From lock and key to molecular diplomacy: understanding pollen recognition and discrimination in brassicaceae.

Hybridization barriers in Brassicaceae play a pivotal role in governing reproductive success and maintaining speciation. In this perspective, we highlight recent advances revealing the intricate molecular mechanisms and the interplay among key players governing these barriers. Recent studies have shed light on the molecular mechanisms that govern hybridization barriers in Brassicaceae. The interplay between pollen coat proteins, stigmatic receptors, and signaling peptides plays a crucial role in determining the success of pollination. At the core of this system, autocrine stigmatic RALF peptides (sRALF) maintain the stigmatic barrier by activating the FERONIA (FER) and ANJEA (ANJ) receptor complex, triggering the RAC/ROP-RBOHD pathway and subsequent reactive oxygen species (ROS) production. It is now established that incompatible pollen rejection is mediated by two parallel pathways: the FER-RAC/ROP-RBOHD pathway, which generates ROS, and the ARC1-mediated pathway, which degrades compatible factors required for pollen growth.

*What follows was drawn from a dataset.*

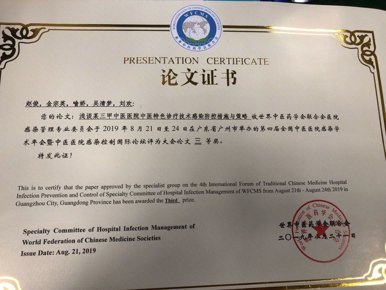 2019年8月21-24日,世界中医药学会医院感染管理专业委员会第二届学术年会暨中医医院感染控制国际论坛在广州举行。我院感染管理办公室赵俊等撰写的论文《浅谈某三甲中医医院特色诊疗技术感染防控措施与策略》荣获大会论文三等奖。

Conversely, compatible pollen overcomes the stigmatic barrier through the action of pollen coat proteins (PCP-B) and paracrine pollen-derived RALF peptides (pRALF), which compete with autocrine sRALF for receptor binding, enabling successful pollen hydration and tube penetration. The "lock-and-key" mechanism involving sRALF and pRALF provides species-specific recognition of compatible pollen. These findings offer valuable insights into the molecular basis of hybridization barriers and open new possibilities for overcoming these barriers in interspecific and intergeneric crosses within Brassicaceae, with potential applications in plant breeding and crop improvement. Future research should focus on elucidating the evolutionary dynamics of these signaling pathways and exploring their manipulation for crop breeding purposes.